I just try to understand the GPFS trace from an AIX Oracle RAC system (not so that I could easily read traces - thus I am asking). Background is that the system exhibits considerable IO times for the redo log sync writes.
Direct IO is used.
I do have a short trace (default classes and level) run through trsum.awk. When picking out just the records with the disk names of the redo log file system, I get sections like
70124221 0.227214726 QIO: write data tag 331543 14823 buf 0x0700000020AE8E00 disk 8000001200000132 da 37:51170176 nSectors 79 align 0 by (Direct I/O handler) qlen 1
70124221 0.227289218 QIO: write data tag 331543 14823 buf 0x0700000020AE8E00 disk 8000001200000079 da 17:51170304 nSectors 79 align 0 by (Direct I/O handler) qlen 1
70124221 0.231426960 FIO: write data tag 331543 14823 buf 0x0700000020AE8E00 disk 8000001200000132 da 37:51170176 nSectors 79 qlen 0 duration 4212.234 us
70124221 0.231441511 FIO: write data tag 331543 14823 buf 0x0700000020AE8E00 disk 8000001200000079 da 17:51170304 nSectors 79 qlen 0 duration 4152.293 us
I wonder what is involved in these writes: the QIO records do have everything needed to send the request to the SCSI layer, and the request is so small it should easily be absorbed by the write cache of the storage system. Nevertheless it takes more than 4ms to come back.

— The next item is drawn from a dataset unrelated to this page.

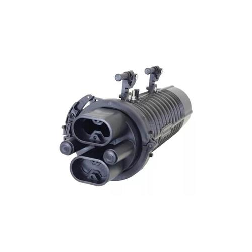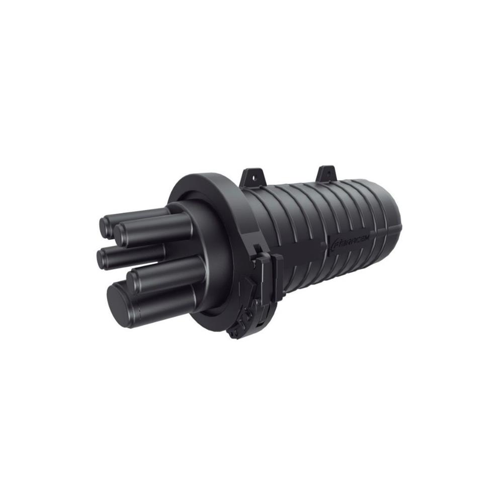 A Caixa de Emenda Óptica 24 Fibras Dual Junior possui configuração unidirecional, com 2 entradas ovais – uma principal e uma reserva – que permitem o fechamento termocontrátil ou mecânico e 2 entradas cilíndricas para cabos derivados. E fácil fechamento mecânico entre a cúpula e base através de um conjunto de abraçadeiras. Homologada pela Anatel.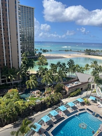 We were excited to be staying at the Ilikai again, since we had been the year before. Communication with the host was great. However, they need to invest some money into this property big time. Everything was outdated. The curtains were stained, uncomfortable bed (sheets, pillows, and mattress), no pictures or anything on the walls, no stools to eat at the kitchen counter, and it was much smaller than anticipated. The toilet was slow to flush and the kitchen sink drained very slow. The AC was a big issue for me. It was over 80 degrees in Waikiki when we went and the host directions said that we couldn't turn the air on lower than 70, to turn it off when we leave the room, and if it breaks then we were responsible for paying for it. They must have been having problems with it since there were metal containers on the patio to catch the water dripping. The host was quick to respond, which was appreciated and they tried to right the wrongs by sending someone in to look at the AC (who said he couldn't do anything) and they offered to send a plumber. We were not happy at all with the stay, especially for the amount that we paid. We cut our stay here short and moved to a different location for the remainder of our trip. Great location and view of the lagoon, beach, and fireworks. I really do appreciate the communication, efforts, and understanding from the host but it needs a serious renovation.

Am I right that GPFS itself is, from the QIO to the FIO record, not involved in servicing these requests? I .e. if one sees long Durations there, GPFS cannot be blamed, but the sources of delays are further down in the stack? Or could there still be something odd in GPFS?

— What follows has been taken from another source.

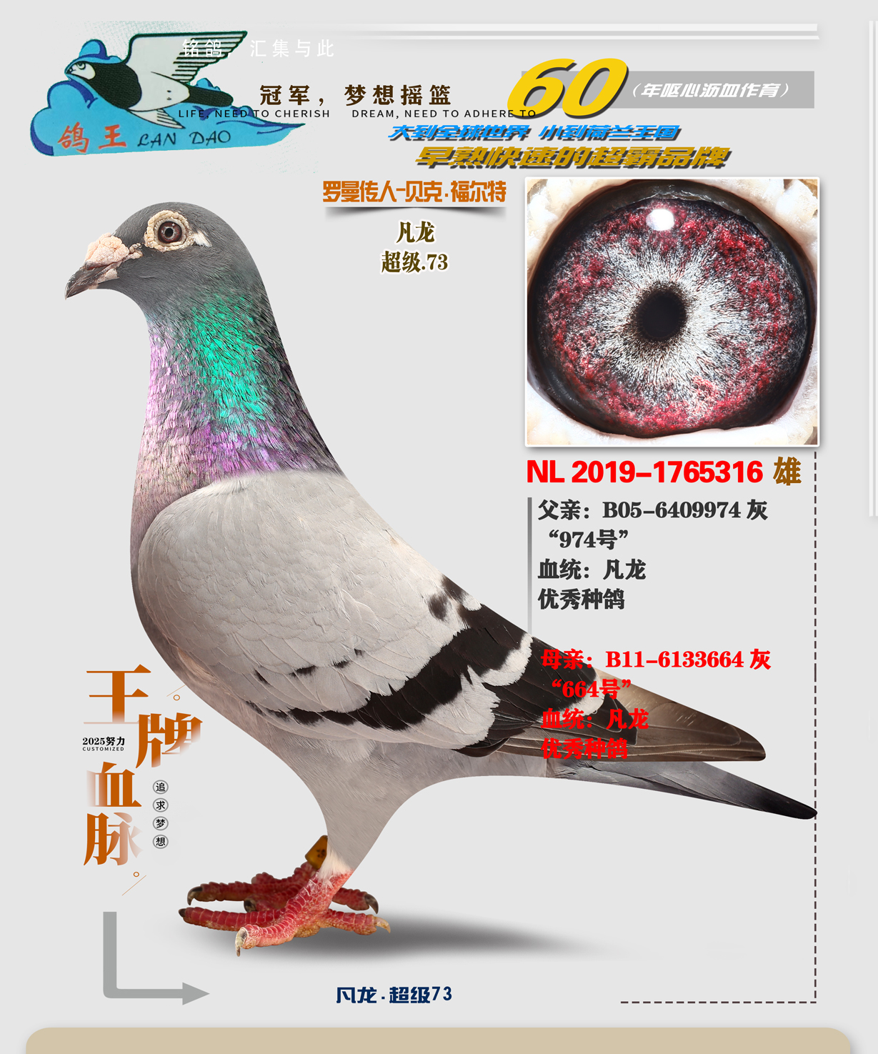 刘总你好!给报喜,我引进你的2016-32-0014055灰雄盖比闪电号近亲。它的直子2020-01-0840803灰。在2020年秋北京国信达公棚获得300公里冠军,500公里20名,双关鸽王,三关鸽王!通指。感谢您的支持!感谢您的优秀种鸽。

I realise QIO comes with (unbuffered?) writes, DIOQIO with (unbuffered?) read, and FIO seems related to the completion of the IO.

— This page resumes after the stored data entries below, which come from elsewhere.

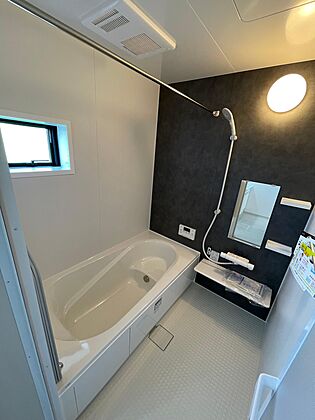 床の乾きやすい1坪タイプの浴槽♪足を伸ばしてゆっくり入浴♪浴室暖房機能付きで冬でもあたたかいです。また乾燥機能で洗濯物干しコーナーとしての用途も可能♪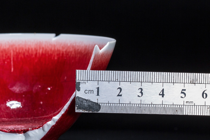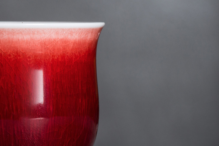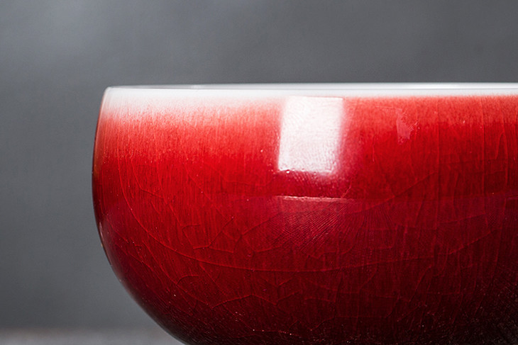 独一窑反复研究釉料膨胀系数与胎体匹配度,研制出郎红薄胎,至薄处仅1mm,器身薄可透光。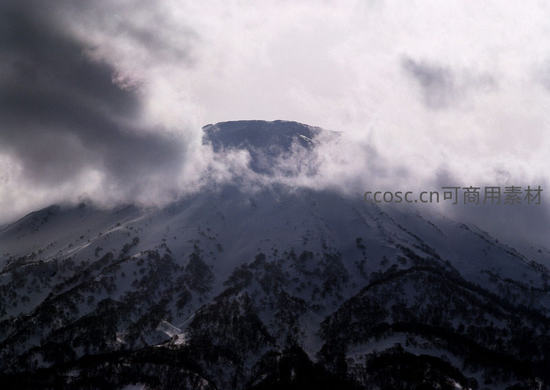 厚重云层如潮水般涌动,半遮半掩着被白雪覆盖的山巅,光线幽暗,氛围神秘,仿佛通往未知仙境的入口。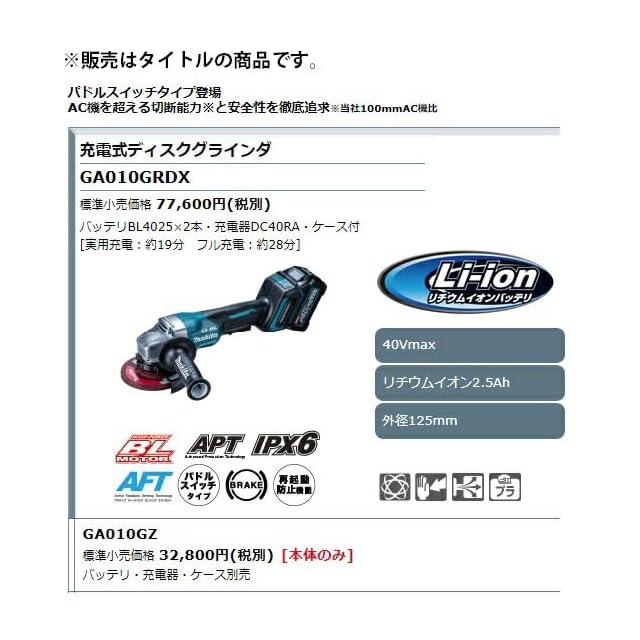 商品名:マキタ(Makita) 40Vmax 125mm充電式ディスクグラインダ バッテリ・充電器・ケース別売 GA010GZ

EDIT / UPDATE Jul 16 2013: Found the assumption that the diff between QIO and FIO is the (gpfs-independent) block device IO time confirmed in another post: https://www.ibm.com/developerworks/community/forums/html/topic?id=77777777-0000-0000-0000-000014213603.
As for rdwr entries in the trsum output, that appears to be the time a file was held open in RDWR, e.g. in the trace looking for things related to
91161229 0.024665781 rdwr 23855.442 us +
I find 307 91161229 0.000810339 0.005214 MMFS VNODE: gpfs_v_rdwr enter: vP 0xF1000A0425A10130 op 0 flags 0x0C400003 offset 0x000000012577A000 len 8192 ext 0 vinfoP 0xF1000A043B71A180
where 0.024665781-(23855.442/1000000)=. 000810339
and at 0.024665781 the file might have been closed again:
307 91161229 0.024665781 0.003791 MMFS VNODE: gpfs_v_rdwr exit: new offset 0x000000012577C000 resid 0 code 0 rc 0
Some questions remain:
Which queue length is given by qlen? Is it the queue for the respective block device? I suppose that.
Is there a way to relate a WRITE or a READ to the IO records it generates? I could check the disk and sector the IO goes to, find the file occupying this, and get the file names related to the inodes in the high level request (BTW: how do I see the file system from the high level request?). But there might be a simpler way.